O cientista político e diretor do portal noticiasser.pe, Javier Torres, acrescenta que essa forma de agir é típica do fujimorismo. “O de agora é um processo para demonstrar duas coisas. A primeira, anular o processo gerando uma situação de incerteza e chamando à mobilização. A segunda, deixar plantada a dúvida de que Castillo ganhou com fraude”.

Observadores internacionais parabenizaram o Peru pela organização da jornada eleitoral. Em nenhum de seus informes se fala de irregularidades. Fujimori, no entanto, encorajou seus seguidores a continuar nas ruas. Essa estratégia, semelhante à de Donald Trump nos Estados Unidos, terminou com o ataque ao Capitólio em Washington, onde morreram cinco pessoas. As consequências no Peru, depois de uma campanha muito tensa que dividiu famílias e amigos, ainda estão por ver.

Dois polos

Fujimori conta com o apoio dos escritórios de advocacia de maior prestígio em Lima, onde a candidata conservadora recebeu apoio esmagador das elites. As provas da alegada fraude não correspondem, de momento, a essa reputação. Ela apresentou casos de vícios de menor gravidade, como a assinatura de um chefe de mesa não ser idêntica à do seu documento de identidade. Vídeos e fotos falsos que circulam online também foram apresentados como evidência de uma conspiração arquitetada pelo partido de Castillo ―uma formação regional caótica e improvisada cuja hierarquia não é clara. Peritos eleitorais ouvidos por este jornal, como Fernando Tuesta, ex-chefe do Escritório Nacional de Processos Eleitorais, consideram que não há indícios de fraude.

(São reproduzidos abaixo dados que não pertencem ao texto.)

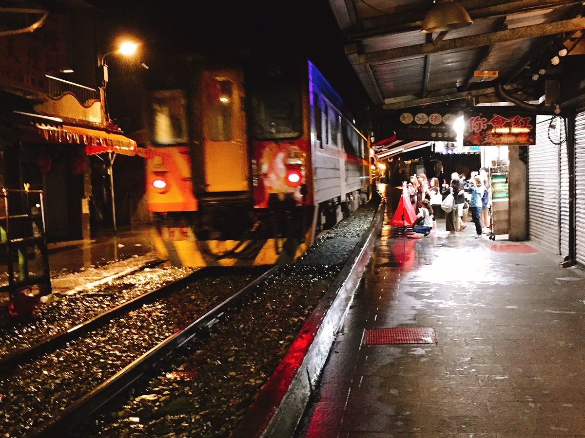 車内から九份の夜景を見つつ十份へ向かいました。やはり夜の灯篭上げは、とても幻想的で良かったです。
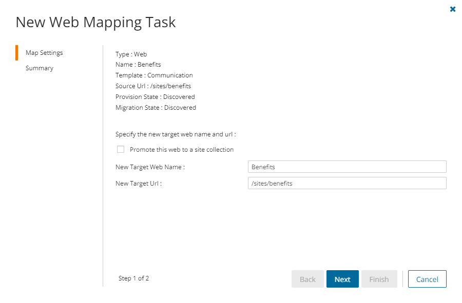 Webs or sub-sites that have not been migrated can be renamed, mapped to a different parent, or promoted to a site in the target tenant. When these objects are migrated, they will be renamed, relocated to the new parent or promoted to a site. The web is retained in the source tenant but set as Relocated (ie., not migratable)
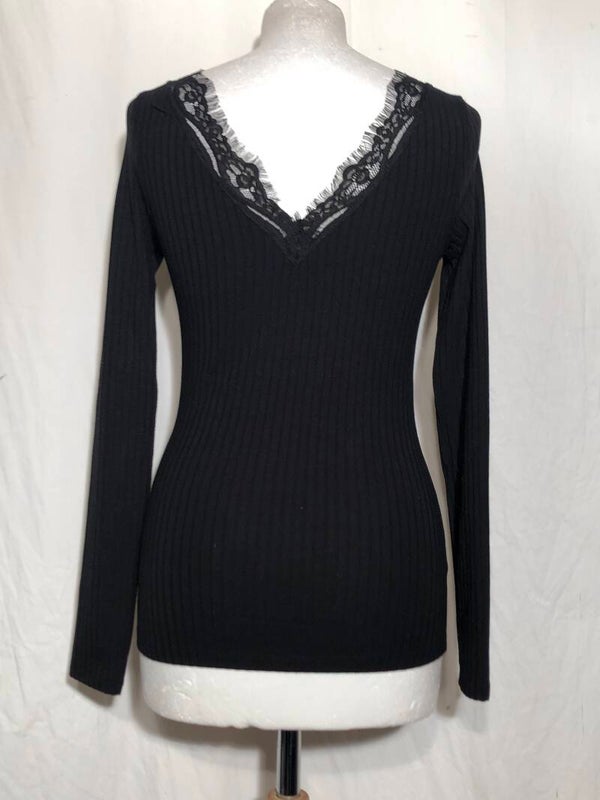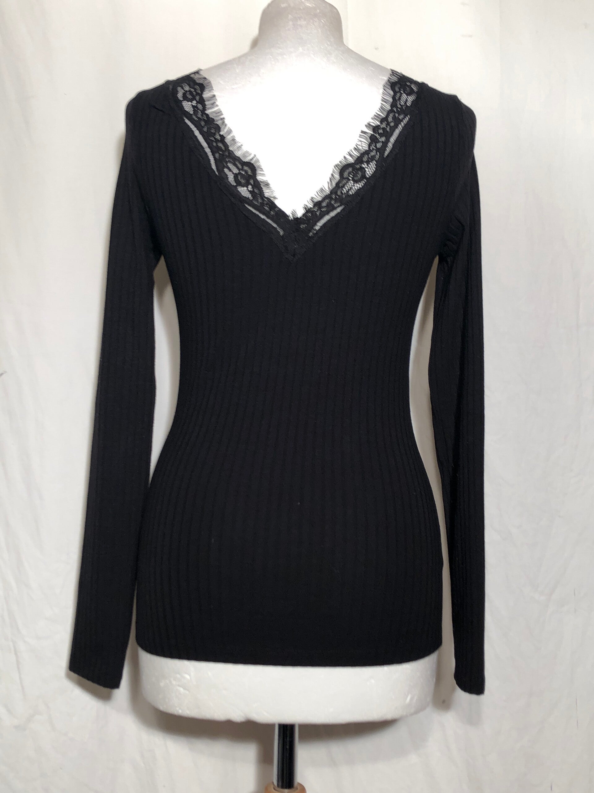 NA-KD zwart longsleeve met V hals en kant maat XS
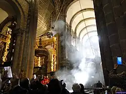 Incense fragrances can be of such great strength that they obscure less desirable odours. This utility led to the use of incense in funerary ceremonies because the incense could smother the scent of decay. An example, as well as of religious use, is the giant Botafumeiro thurible that swings from the ceiling of the Cathedral of Santiago de Compostela. It is used in part to mask the scent of the many tired, unwashed pilgrims huddled together in the Cathedral of Santiago de Compostela.[56]

A anulação dos votos que Fujimori exige invalidaria a vontade de áreas inteiras, as mais pobres e remotas de Lima, que apoiaram Castillo. A candidata conservadora apela como prova de que em alguns desses lugares obteve zero votos. Foi onde Castillo, que fez campanha com um discurso contra as elites, arrasou. Em algumas regiões, atingiu 90%. Ficou claro que o fujimorismo tem muito pouco impacto no sul do país. O Júri Eleitoral Nacional, último órgão de um sistema de garantia muito, que atrasa a contagem, terá a última palavra sobre um processo que já começou e que, segundo especialistas, pode demorar duas semanas.

Castillo, por sua vez, conta com o conselho de dois prestigiosos ex-advogados, Julio Arbizu e Ronald Gamarra. No passado, perseguiram Fujimori pai e seu principal conselheiro, Vladimiro Montesinos. Ambos estão na prisão hoje. Castillo foi parabenizado por seu triunfo pelo presidente argentino Alberto Fernández e outros ex-líderes de esquerda da América Latina, como Luiz Inácio Lula da Silva e Dilma Rousseff. “Gostaria de saudar os dirigentes políticos que vieram me dizer ‘como é bom que o povo tenha acordado’. Esta é a cidade que tornou isso realidade nas urnas do dia 6 de junho”, discursou Castillo da varanda da sede de seu partido em Lima, onde aparece uma vez por dia para cumprimentar seus seguidores, pessoas que vêm de todas as partes do Peru.

Outros líderes não compartilharam sua vitória com tanto entusiasmo. Dezessete ex-presidentes ibero-americanos solicitaram por meio de um comunicado que nenhum candidato seja declarado vencedor até que as impugnações sejam resolvidas. Entre os signatários estão José María Aznar, Álvaro Uribe e Felipe Calderón, entre outros. Eles pedem aos candidatos que ajudem a manter a paz. Esse é o medo diante dessas duas semanas de incertezas, com os seguidores de ambos na rua e com a tensão crescendo.